Not so long ago, eSIM was a curiosity. It cropped up in consumer smartwatches and premium smartphones as a convenience feature, useful for travellers, largely irrelevant to the channel. That perception has aged badly. In 2025 and 2026, eSIM crossed into mainstream enterprise use, quietly but decisively. Devices from routers to tablets to rugged handhelds are now shipping with eSIM as standard, and the organisations deploying them at scale are no longer asking whether to use eSIM, they are asking who is going to help them manage it.
The shift matters for the channel because it fundamentally changes who owns the mobile data relationship. When a physical SIM card was inserted at the factory or posted out by a mobile network operator, the MNO owned that customer. With eSIM, the profile is delivered remotely and switched in software. The organisation and the partner helping them manage it and controls the connection. That is a new and genuinely valuable position to occupy.

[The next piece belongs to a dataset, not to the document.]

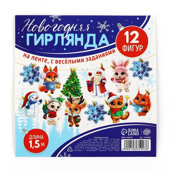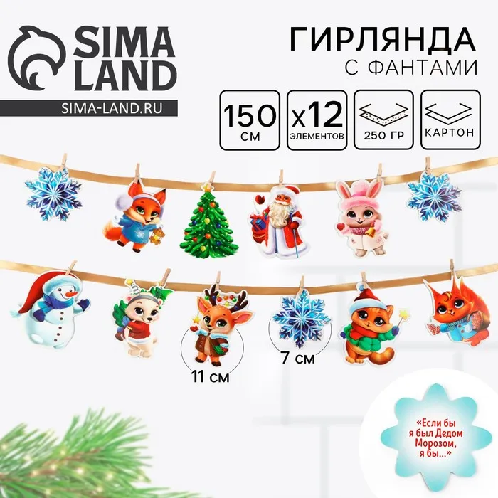 Гирлянда бумажная на ленте с фантами «Новогодняя», длина 150 см — Характеристики

A Connected World That Needs Managing
The breadth of eSIM-connected devices arriving in enterprise environments is extraordinary. Think beyond mobile phones. Routers providing resilient backup connectivity. Tablets deployed across retail stores or construction sites. Digital signage networks spanning hundreds of locations. Fleet vehicles, ambulances, payment terminals, ATMs, lift shafts. The list of things that now need a managed, secure mobile data connection grows longer every quarter, and the organisations operating them increasingly want a single partner to handle it.
This is the opportunity for MSPs. The businesses asking for help are not primarily telco customers, they are IT-managed service customers. They want someone who understands their network, their security posture, their device estate. They want a partner who can provision eSIMs, manage profiles, and troubleshoot connectivity across a diverse fleet of devices without sending a truck. That description fits a well-positioned MSP precisely. It does not describe a mobile network operator's direct sales team.

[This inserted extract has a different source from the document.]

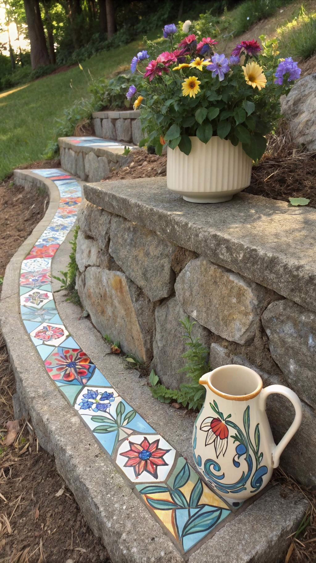 Stone Wall with Integrated Ceramic Art

"MSPs are not just selling connectivity. They are becoming the mobile data provider for their customers’ entire connected infrastructure."
Security Is the Conversation Opener
If revenue is the prize, security is the door that opens the conversation. Unmanaged SIM cards scattered across a device estate are a genuine vulnerability. They can be cloned, redirected, or simply forgotten running up cost long after a device has been decommissioned. eSIM, managed through a proper platform, eliminates most of these risks. Profiles can be remotely deactivated in seconds. Usage anomalies trigger alerts. Every SIM in the estate is visible in one portal.
For MSPs who lead with security, this reframes mobile data from a commodity line item into a managed security service. The conversation is no longer about price per gigabyte. It is about threat surface reduction, compliance, and the kind of visibility that a CISO actually cares about. Jola’s eSIM infrastructure is underpinned by Cloudflare, blocking 86 billion cyberthreats per day globally. That is a statistic worth putting in front of a customer.
The Practical Question: How Do You Build This Practice?
The honest answer for most MSPs is: you cannot build it alone quickly enough. The network relationships, the multi-country eSIM coverage, the portal infrastructure, the provisioning workflows all take years and significant capital investment to develop. The more efficient route is to partner with a wholesale provider who has already done it and focus your own energy on the customer relationship and the solution design.
Jola’s approach to this is built around the Mobile Data Revenue Generator (MRG™) programme. It is a structured five-step process designed specifically for channel partners who want to build a sustainable IoT and mobile data practice without reinventing the wheel. The MRG starts where it should start, with the partner’s existing customer base, identifying live IoT opportunities that are already there but not yet captured. In the last twelve months, 141 new partners won IoT business using this framework. Partners who complete all five steps consistently win larger deals, faster.
The supporting proposition is genuinely differentiated. Jola offers the widest multi-network eSIM range available to the UK channel: three UK networks, 74 European, 70 Asia-Pacific, 60 Middle East and Africa, and 100 in the Americas. Physical SIMs, QR codes and SMDP+ all supported. Fixed IP, Private APN, VoLTE. It is the kind of breadth that lets an MSP say yes to almost any customer requirement, rather than walking away from the more complex deals.
The eSIM era does not require MSPs to become mobile network operators. It requires them to become the trusted partner who manages mobile data as part of a broader connected service. The businesses that need this help are already in your customer base. The tools to serve them exist. The question is whether you move on this opportunity before your competitors do.